3 egg whites, at room temperature

¼ teaspoon cream of tartar

¾ cup of sugar

2 teaspoons Ben’s Original Cherry Juice Concentrate

1-2 drops of red or pink food coloring


Preheat oven to 200 degrees

Line 2 large baking sheets with parchment paper.

Beat egg whites in large metal bowl on medium speed with mixer using wire wisk attachment until foamy. Add cream of tartar just as the whites begin to become frothy during the beating.  Gradually add sugar, 1 tablespoon at a time, beating until stiff peaks form,  about 5 minutes. Mix in Cherry juice concentrate. Add food coloring one drop at time as you desire for color. (Optional)

Spoon meringue into a pastry bag fitted with a star tip. Pipe 12 (1 ½  –inch high, by 1 ½ inch wide) mounds onto each baking sheet, space evenly apart.

Bake for 3 hours, or until dry and crisp.

*Note: You can also use 2 spoons to form the mounds. Scoop meringue with one and use the other to push it onto the baking sheet.

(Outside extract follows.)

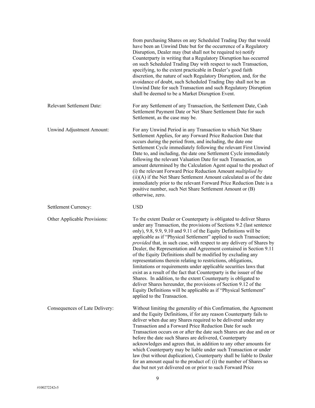 9 # 100272242v5在任何本应是解套日期的预定交易日购买股票,但若发生监管中断,交易商可(但不得被要求)书面通知交易对手,在该预定交易日发生了与该交易有关的监管中断,并在可行范围内以交易商的善意酌处权指明该监管中断的性质,为免生疑问,该预定交易日不应是此类交易的解禁日,此类监管中断应被视为市场扰乱事件。相关结算日:任何交易的任何结算,视情况而定,该等结算的结算日、现金结算支付日或净股结算日。平仓调整金额:就适用净股结算的任何交易的任何平仓期间而言,就自(包括)紧接有关第一个平仓日期后一个结算周期的日期至(包括)紧接有关该交易的相关估值日期后一个结算周期的日期期间内发生的任何远期减价日期而言,由计算代理确定的金额等于(i)相关远期减价金额乘以(ii)(a)的乘积,如果截至紧接相关远期减价日期之前的日期计算的净股份结算金额为正数,则该净股份结算金额或(b)否则为零。结算货币:美元其他适用条款:在交易商或交易对手有义务根据任何交易交付股份的范围内,股权定义第9.2节(仅最后一句)、9.8、9.9、9.10和9.11的规定将适用,如同“实物结算”适用于此类交易;但在这种情况下,就交易商的任何股份交付而言,股权定义第9.11节中包含的陈述和协议应通过排除其中与限制、义务、因交易对手为股份发行人而存在的适用证券法的限制或要求。此外,在交易对手有义务根据本协议交付股份的范围内,股权定义第9.12节的规定将适用,如同“实物结算”适用于交易。延迟交付的后果:在不限制本确认书、协议和权益定义的一般性的情况下,如果交易对手因任何原因未能在到期时交付任何交易项下要求交付的任何股份,并且该交易的远期减价日期发生在该等股份到期之日或之后以及该等股份交付之日或之前,交易对手承认并同意,除了交易对手根据该交易或根据法律可能承担责任的任何其他金额(但不重复),交易对手应向交易商承担相当于以下各项乘积的金额:(i)如此到期但尚未在该远期价格或之前交付的股份数量

If you want to make mini meringue shells, form a flat base and pipe sides around to form a well. Cool the meringues completely on baking sheets. Store in an airtight container at room temperature for up to a week.

For meringue shells: Fill with dollop of whip cream or Cool Whip and top with Cherry Festival Preserves. Add a mint sprig for garnish if desired.